Below are records to transcribe in full and unchanged; omit every picture.

Dataset items:

= Beginning of Section =

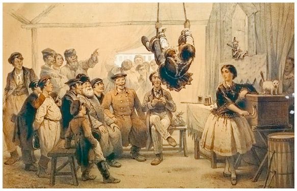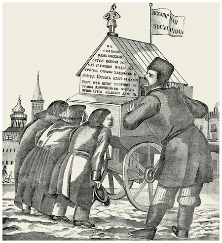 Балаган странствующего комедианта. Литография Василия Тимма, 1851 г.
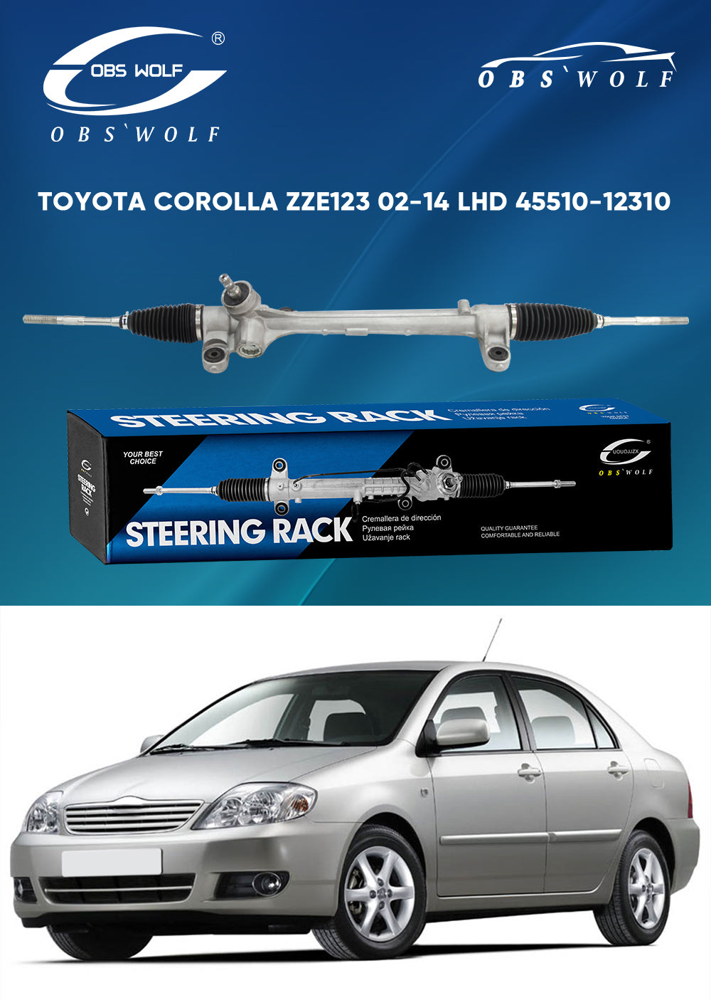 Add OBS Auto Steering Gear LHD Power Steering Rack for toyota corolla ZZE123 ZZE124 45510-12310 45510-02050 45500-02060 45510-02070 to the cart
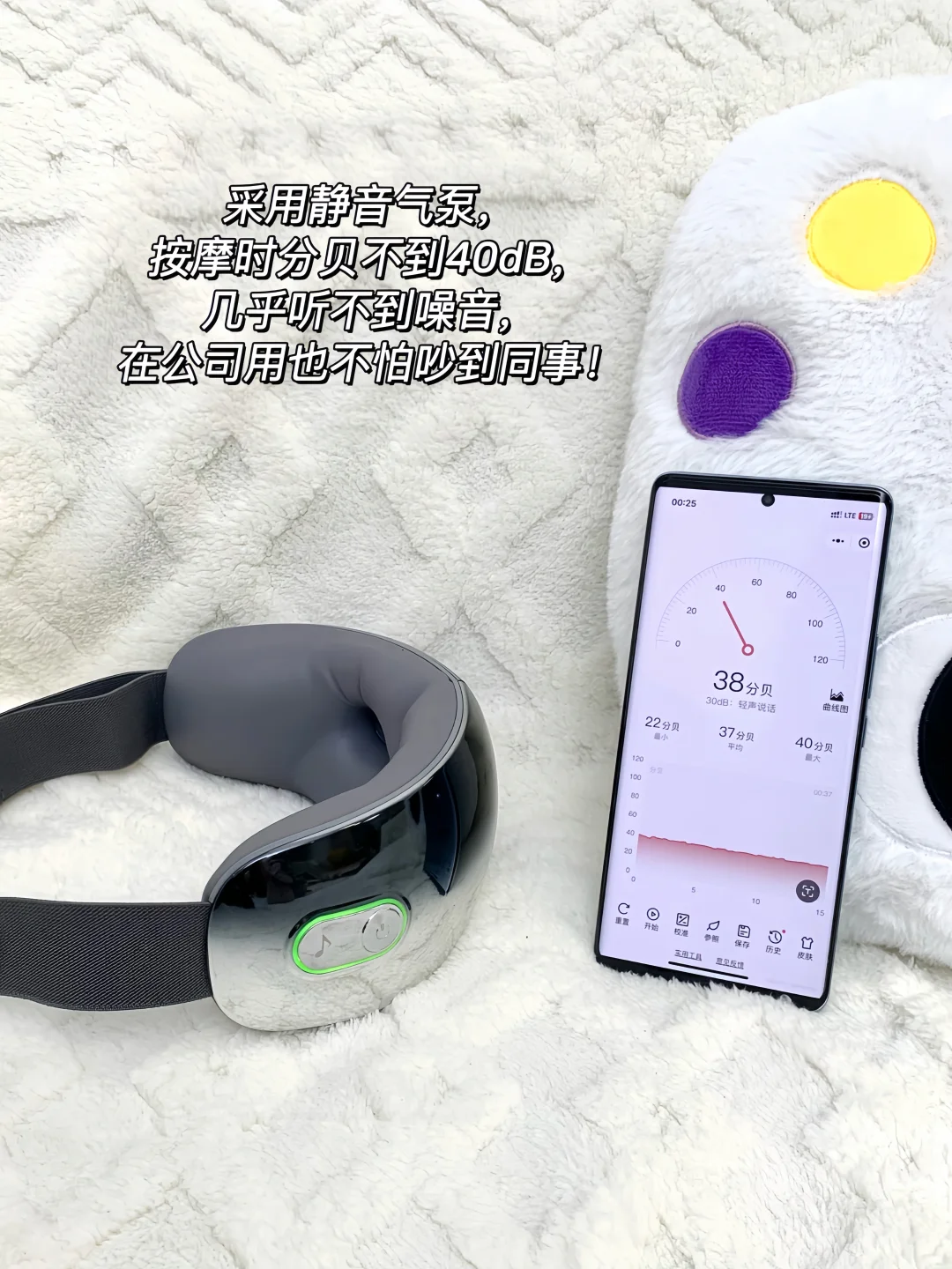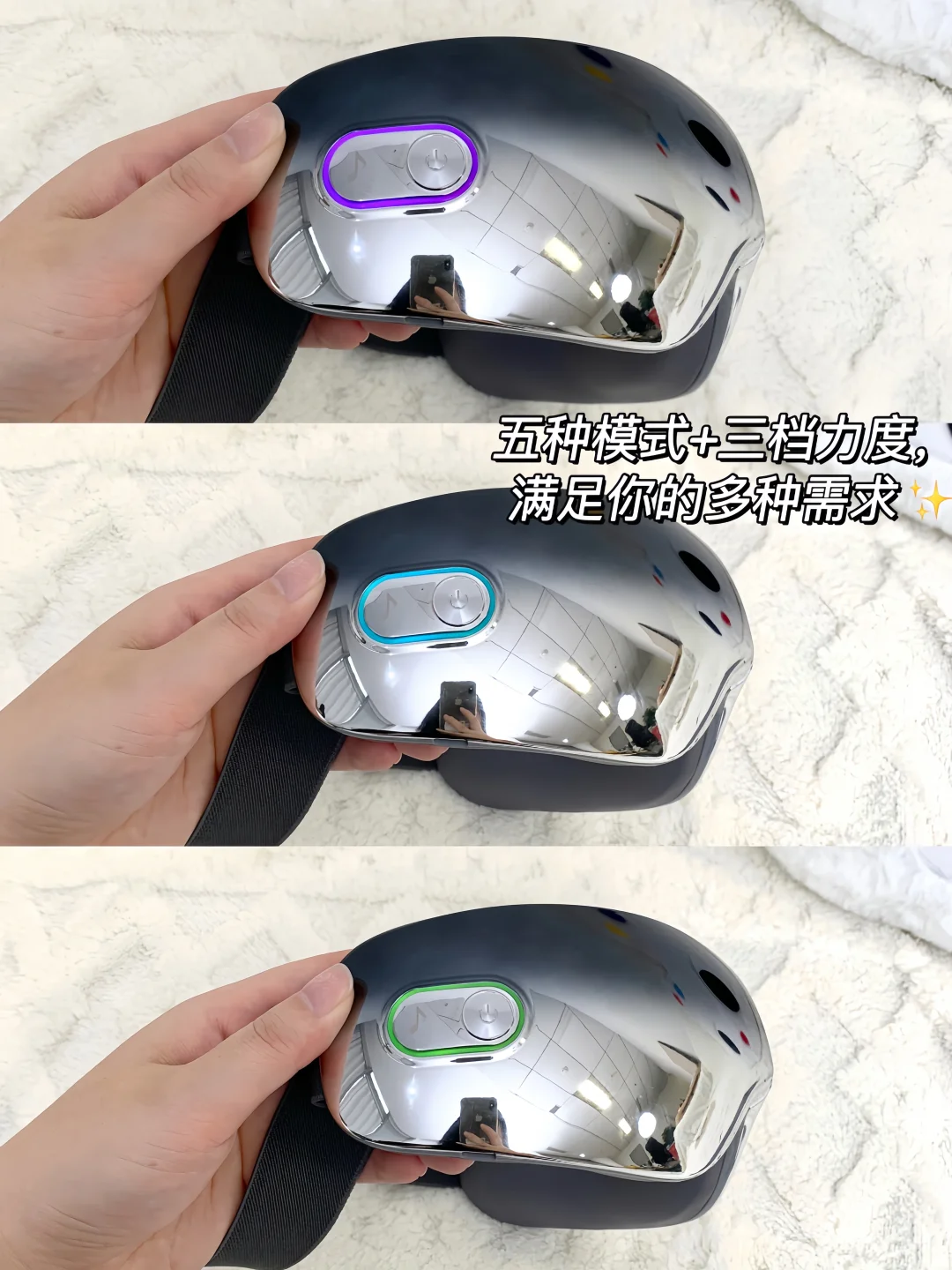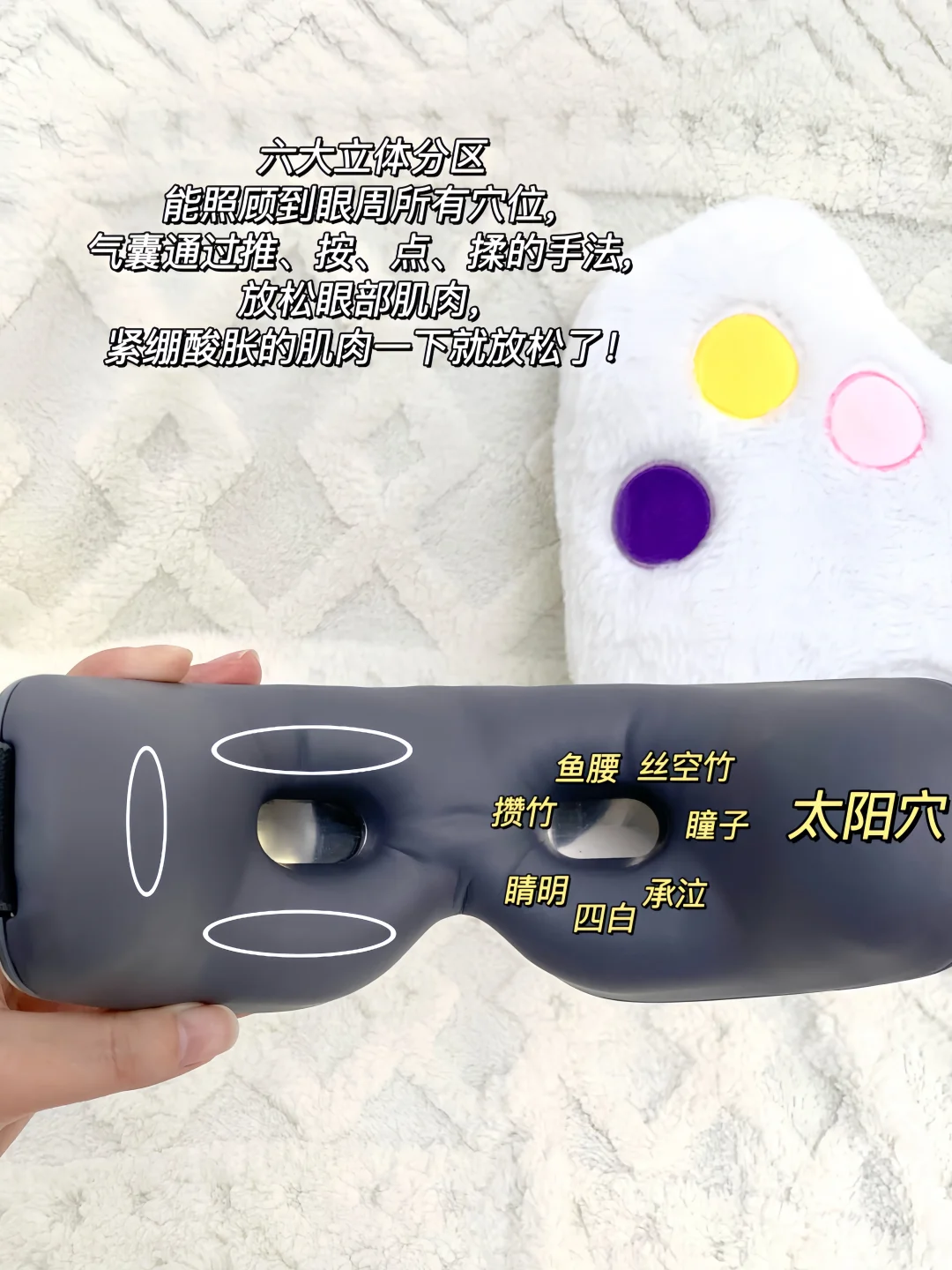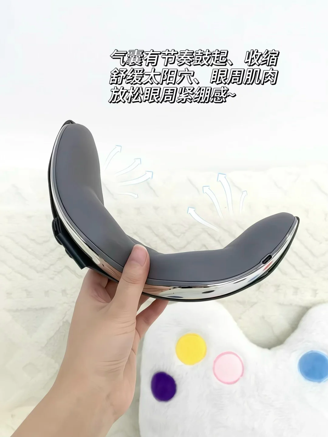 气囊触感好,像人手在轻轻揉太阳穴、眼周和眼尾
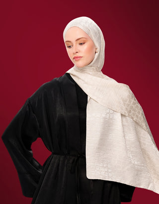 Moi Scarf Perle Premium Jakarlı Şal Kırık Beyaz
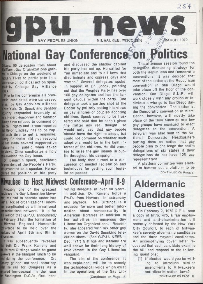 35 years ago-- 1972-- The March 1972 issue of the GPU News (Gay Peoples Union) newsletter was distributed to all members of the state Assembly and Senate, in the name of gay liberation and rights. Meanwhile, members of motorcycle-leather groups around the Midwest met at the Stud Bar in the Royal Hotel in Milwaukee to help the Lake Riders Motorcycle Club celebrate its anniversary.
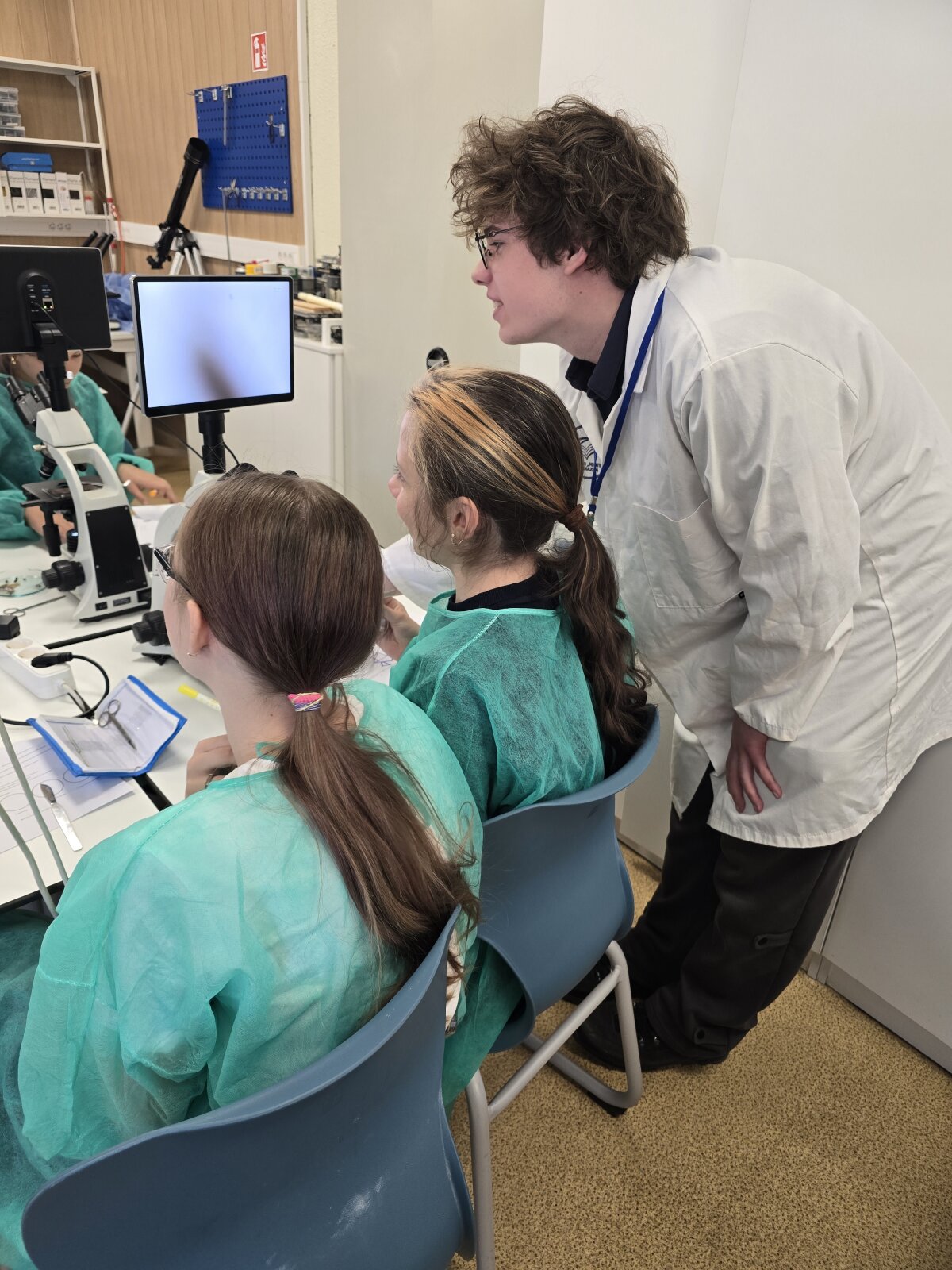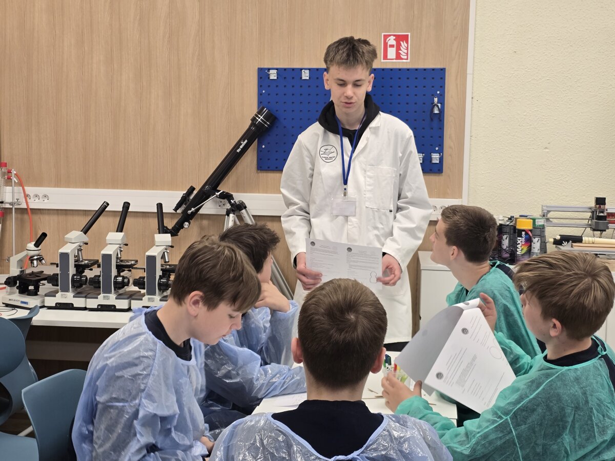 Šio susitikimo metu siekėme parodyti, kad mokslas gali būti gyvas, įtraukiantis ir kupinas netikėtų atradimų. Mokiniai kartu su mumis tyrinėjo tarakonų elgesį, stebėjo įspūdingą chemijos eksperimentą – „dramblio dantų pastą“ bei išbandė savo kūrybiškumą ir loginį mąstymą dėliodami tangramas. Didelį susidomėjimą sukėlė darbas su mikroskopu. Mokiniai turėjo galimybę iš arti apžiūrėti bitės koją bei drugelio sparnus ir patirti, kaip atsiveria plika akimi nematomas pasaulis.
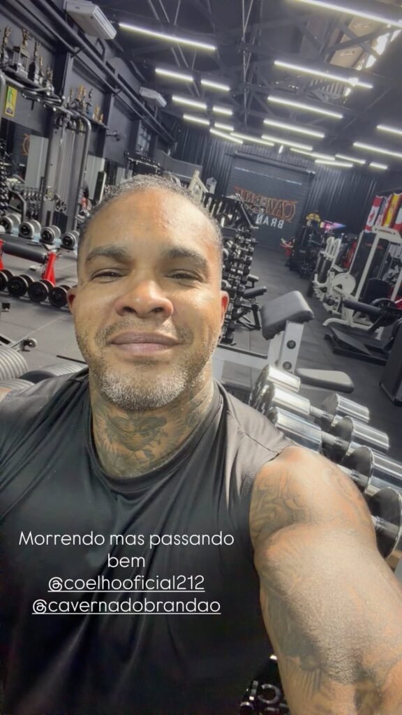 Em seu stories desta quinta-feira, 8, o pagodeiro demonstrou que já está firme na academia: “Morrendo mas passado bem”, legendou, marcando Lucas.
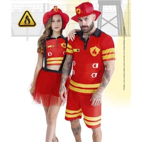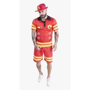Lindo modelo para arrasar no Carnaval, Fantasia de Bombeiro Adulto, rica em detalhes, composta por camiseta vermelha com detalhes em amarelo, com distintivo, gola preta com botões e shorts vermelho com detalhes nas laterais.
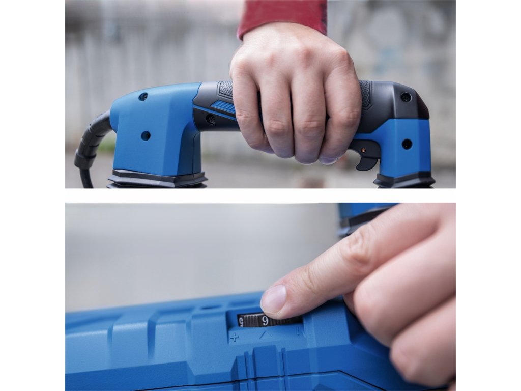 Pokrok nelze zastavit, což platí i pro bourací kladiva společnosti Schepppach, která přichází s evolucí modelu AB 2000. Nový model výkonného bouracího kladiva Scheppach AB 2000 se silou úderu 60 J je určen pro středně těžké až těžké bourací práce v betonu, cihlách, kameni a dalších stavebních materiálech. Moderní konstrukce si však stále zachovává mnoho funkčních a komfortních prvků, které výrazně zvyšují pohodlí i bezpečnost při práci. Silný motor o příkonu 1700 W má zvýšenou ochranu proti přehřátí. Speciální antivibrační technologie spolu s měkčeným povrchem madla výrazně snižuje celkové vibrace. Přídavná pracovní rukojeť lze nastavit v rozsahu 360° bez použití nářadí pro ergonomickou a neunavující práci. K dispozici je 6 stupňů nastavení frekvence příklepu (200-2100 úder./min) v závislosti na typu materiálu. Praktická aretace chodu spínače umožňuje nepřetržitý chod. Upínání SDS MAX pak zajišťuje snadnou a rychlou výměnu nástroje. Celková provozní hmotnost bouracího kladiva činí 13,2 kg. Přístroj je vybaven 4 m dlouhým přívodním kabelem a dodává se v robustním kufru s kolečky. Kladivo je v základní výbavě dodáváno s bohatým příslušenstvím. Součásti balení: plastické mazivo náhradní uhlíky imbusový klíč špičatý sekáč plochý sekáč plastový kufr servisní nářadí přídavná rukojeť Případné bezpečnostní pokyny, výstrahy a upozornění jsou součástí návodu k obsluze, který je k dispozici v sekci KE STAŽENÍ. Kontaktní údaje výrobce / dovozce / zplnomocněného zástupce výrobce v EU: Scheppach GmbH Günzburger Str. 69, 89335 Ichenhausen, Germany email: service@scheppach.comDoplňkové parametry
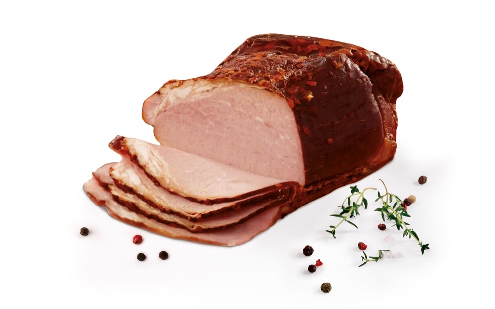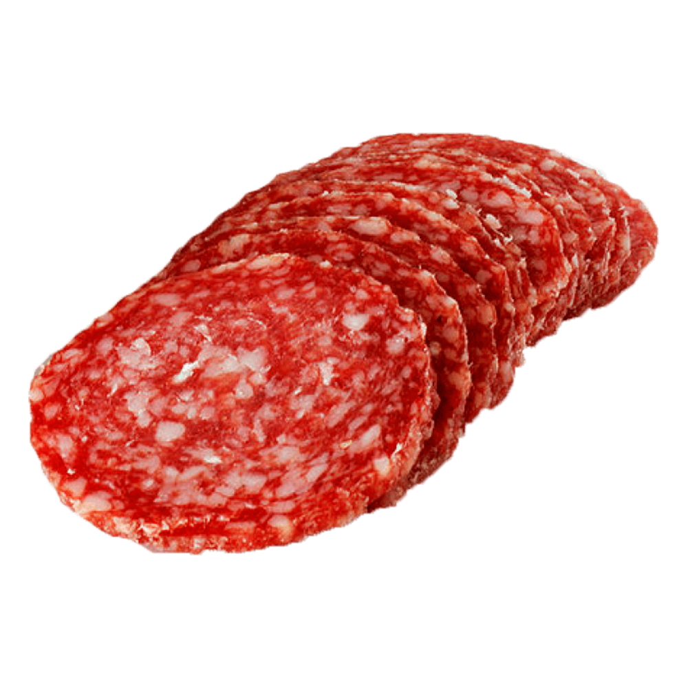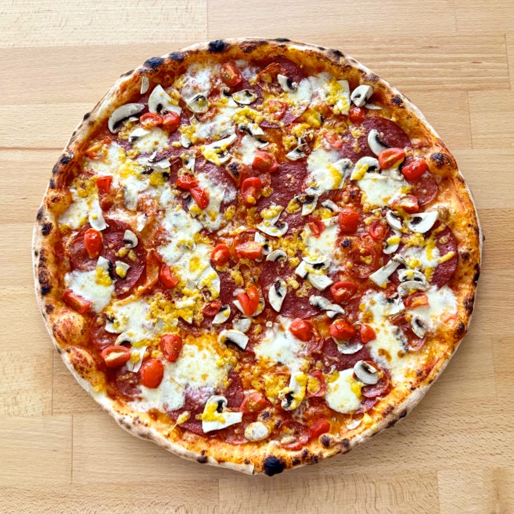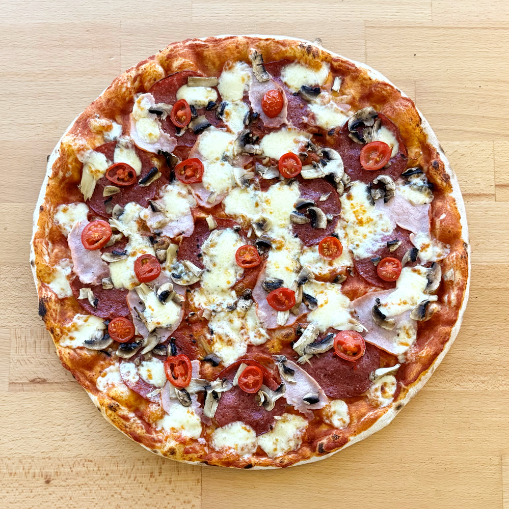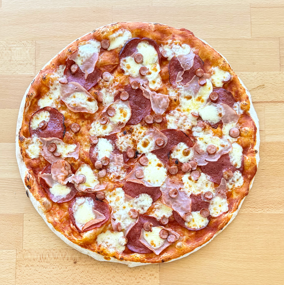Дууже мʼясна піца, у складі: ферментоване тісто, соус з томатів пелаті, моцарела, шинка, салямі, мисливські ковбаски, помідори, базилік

= End of Section =

* **Answer space**:
 Балаган странствующего комедианта. Литография Василия Тимма, 1851 г.
 Add OBS Auto Steering Gear LHD Power Steering Rack for toyota corolla ZZE123 ZZE124 45510-12310 45510-02050 45500-02060 45510-02070 to the cart
 气囊触感好,像人手在轻轻揉太阳穴、眼周和眼尾
 Moi Scarf Perle Premium Jakarlı Şal Kırık Beyaz
 35 years ago-- 1972-- The March 1972 issue of the GPU News (Gay Peoples Union) newsletter was distributed to all members of the state Assembly and Senate, in the name of gay liberation and rights. Meanwhile, members of motorcycle-leather groups around the Midwest met at the Stud Bar in the Royal Hotel in Milwaukee to help the Lake Riders Motorcycle Club celebrate its anniversary.
 Šio susitikimo metu siekėme parodyti, kad mokslas gali būti gyvas, įtraukiantis ir kupinas netikėtų atradimų. Mokiniai kartu su mumis tyrinėjo tarakonų elgesį, stebėjo įspūdingą chemijos eksperimentą – „dramblio dantų pastą“ bei išbandė savo kūrybiškumą ir loginį mąstymą dėliodami tangramas. Didelį susidomėjimą sukėlė darbas su mikroskopu. Mokiniai turėjo galimybę iš arti apžiūrėti bitės koją bei drugelio sparnus ir patirti, kaip atsiveria plika akimi nematomas pasaulis.
 Em seu stories desta quinta-feira, 8, o pagodeiro demonstrou que já está firme na academia: “Morrendo mas passado bem”, legendou, marcando Lucas.
Lindo modelo para arrasar no Carnaval, Fantasia de Bombeiro Adulto, rica em detalhes, composta por camiseta vermelha com detalhes em amarelo, com distintivo, gola preta com botões e shorts vermelho com detalhes nas laterais.
 Pokrok nelze zastavit, což platí i pro bourací kladiva společnosti Schepppach, která přichází s evolucí modelu AB 2000. Nový model výkonného bouracího kladiva Scheppach AB 2000 se silou úderu 60 J je určen pro středně těžké až těžké bourací práce v betonu, cihlách, kameni a dalších stavebních materiálech. Moderní konstrukce si však stále zachovává mnoho funkčních a komfortních prvků, které výrazně zvyšují pohodlí i bezpečnost při práci. Silný motor o příkonu 1700 W má zvýšenou ochranu proti přehřátí. Speciální antivibrační technologie spolu s měkčeným povrchem madla výrazně snižuje celkové vibrace. Přídavná pracovní rukojeť lze nastavit v rozsahu 360° bez použití nářadí pro ergonomickou a neunavující práci. K dispozici je 6 stupňů nastavení frekvence příklepu (200-2100 úder./min) v závislosti na typu materiálu. Praktická aretace chodu spínače umožňuje nepřetržitý chod. Upínání SDS MAX pak zajišťuje snadnou a rychlou výměnu nástroje. Celková provozní hmotnost bouracího kladiva činí 13,2 kg. Přístroj je vybaven 4 m dlouhým přívodním kabelem a dodává se v robustním kufru s kolečky. Kladivo je v základní výbavě dodáváno s bohatým příslušenstvím. Součásti balení: plastické mazivo náhradní uhlíky imbusový klíč špičatý sekáč plochý sekáč plastový kufr servisní nářadí přídavná rukojeť Případné bezpečnostní pokyny, výstrahy a upozornění jsou součástí návodu k obsluze, který je k dispozici v sekci KE STAŽENÍ. Kontaktní údaje výrobce / dovozce / zplnomocněného zástupce výrobce v EU: Scheppach GmbH Günzburger Str. 69, 89335 Ichenhausen, Germany email: service@scheppach.comDoplňkové parametry
Дууже мʼясна піца, у складі: ферментоване тісто, соус з томатів пелаті, моцарела, шинка, салямі, мисливські ковбаски, помідори, базилік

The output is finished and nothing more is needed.